START DATA EXTRACT

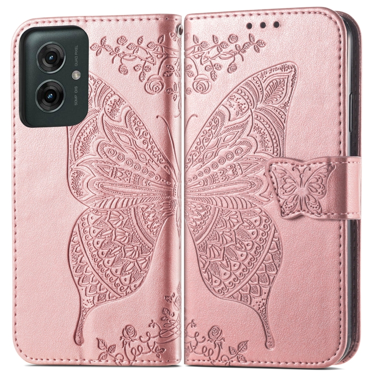 Funda de Cuero con Relieve Mariposa y Flor para Motorola Moto G55 (Rosa)
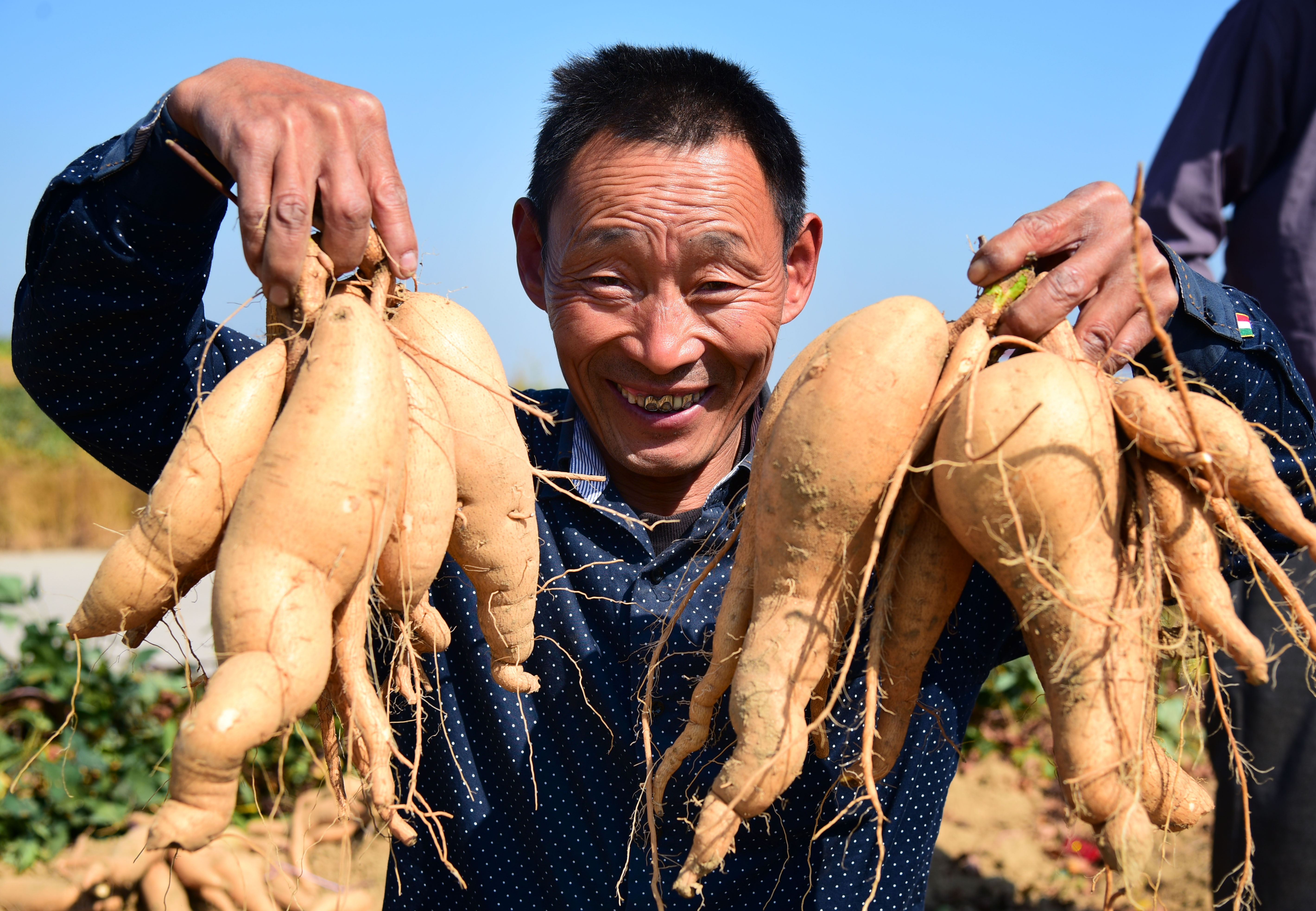 A farmer displays sweet potatoes at Liuquan Village of Dianzi Town in Zaozhuang City, east China's Shandong Province, Sept. 22, 2019.(Photo by Liu Mingxiang/Xinhua)
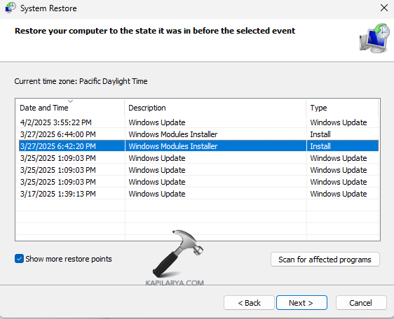 Étape 3-Maintenant, parmi les points de restauration, choisissez celui souhaité pour restaurer le PC et appuyez sur Suivant.
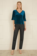 Yumi Teal Velvet Relaxed Fit Top With Fluted Sleeves

END DATA EXTRACT

◆ TRY IT: An exact copy of the listing is required; return it without any pictures.

◆ RESULT:
 Funda de Cuero con Relieve Mariposa y Flor para Motorola Moto G55 (Rosa)
 A farmer displays sweet potatoes at Liuquan Village of Dianzi Town in Zaozhuang City, east China's Shandong Province, Sept. 22, 2019.(Photo by Liu Mingxiang/Xinhua)
 Étape 3-Maintenant, parmi les points de restauration, choisissez celui souhaité pour restaurer le PC et appuyez sur Suivant.
 Yumi Teal Velvet Relaxed Fit Top With Fluted Sleeves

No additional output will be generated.